Courtney Love
Still dalla video performance di "All I Ever Wanted" di Courtney Love, 2015

Courtney Love canta testi inediti di “Smell Like Teen Spirit” dei Nirvana

Nella chiacchierata a rotta di collo numerosi aneddoti, storie e digressioni sulla sua vita accanto a Kurt e non

Invitata da Rob Harvilla per il podcast 60 Songs That Explain The ’90s, Courtney Love ha recitato alcune strofe scritte originariamente per il lead single di Nevermind dei Nirvana, Smell Like Teen Spirit, ma non incluse nella stesura finale del pezzo.

Alcuni di questi testi sono reperibili nei diari di Kurt Cobain (editi per l’Italia da Mondadori nel 2019), altri sono completamente inediti specifica la vedova del compianto frontman prima di cantarli.

Come out and play / make up the rules / I know I hope to buy the truth / who will be the king and queen of all the outcasted teens / We’re so lazy and so stupid / blame our parents and the cupids / A deposit, for a bottle / stick it inside no role model… …Come out and play/ Make up the rules/ Have lots of fun, we know we’ll lose / Our little group has always been and always will until the end… …Something I bought and don’t deserve / To know, oh no, a dirty word/ Load up on guns and bring your friends / I know, I know it’s wrong to offend / Take off your clothes / I’ll see you in court… …We merge ahead, this special day/ This day giving amnesty to sacrilege/ A denial, and from strangers/ A revival, and from favors/ Here we are now, we’re so famous/ Here we are now, entertain us… …I’ll take a slide, I’ll be over here/ Sustain a pride from a boring stare/ Just humor them, a relaxing dose/ To have a child is a selfish roast

Per Love questa versione del testo è come entrare in un universo alternativo e specifica che soltanto 2 di quelle strofe sono sopravvissute all’edit finale: quelle appartenenti al primo verso (load up on guns and bring your friends) e quelle del terzo (Our little group has always been and always will until the end).

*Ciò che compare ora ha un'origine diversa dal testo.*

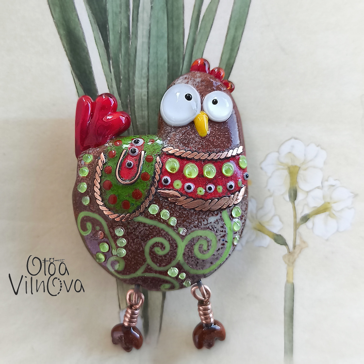 A whimsical lampwork glass chicken bead with a bold patchwork personality. Handmade in the flame, with rich colors, playful surface details, and signature copper wire accents. The dangling legs add gentle movement and charm.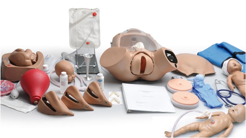 Das Modell beinhaltet einen Torso, ein Geburtsbaby und eine Neugeborenenpuppe.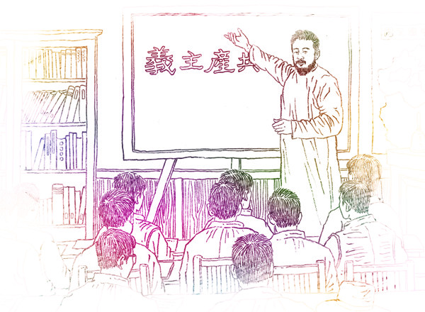 1920年,道外区二十道街路南东华学校的课堂上,客座教师马骏慷慨激昂的讲述,在学生们心中埋下了共产主义思想的火种。

Nello scambio con il radiofonico anche aneddoti su altri brani scritti da Cobain, a partire da Dumb, la cui stesura, al contrario del sopracitato singolo, ha richiesto soltanto 20 minuti quando la coppia si trovava ad Amsterdam. Ma anche quella volta che regalò al leader dei Nirvana un libro di testi di Leonard Cohen, l’inizio della faida privata con Eddie Vedder dei Pearl Jam che portò al divieto impostole di ascoltare Jeremy durante la gravidanza della figlia Frances Bean Cobain. Ma anche della band preferita di Kurt (i Melvins), della sua dipendenza dall’eroina, del suo rammarico che non sia stato In Bloom il singolo lancio di Nevermind, concetto peraltro già espresso in passato.

Lo scorso febbraio, la Recording Academy ha onorato i Nirvana con uno Special Merit Awards. Negli anni in cui erano in attività, i Nirvana hanno ricevuto sei nomination ai Grammy vincendone soltanto uno postumo per MTV Unplugged nella categoria Best Alternative Music Performance.

Riguardo ai Nirvana, su queste pagine potete leggere l’articolo di Antonio Puglia When in Rome… (ovvero quando i Nirvana morirono – e risorsero – nella Capitale) ma anche ripassare le recensioni della discografia. Lo scorso anno il brano Something in the Way è esploso nelle streaming chart grazie al Batman di Matt Reeves, peraltro ispiratosi proprio alla tragica figura di Cobain per la sua versione del Cavaliere Oscuro.

Sempre a proposito di Smells Like Teen Spirit, i Red Hot Chili Peppers ne hanno fatto una live cover nel corso del loro ultimo tour.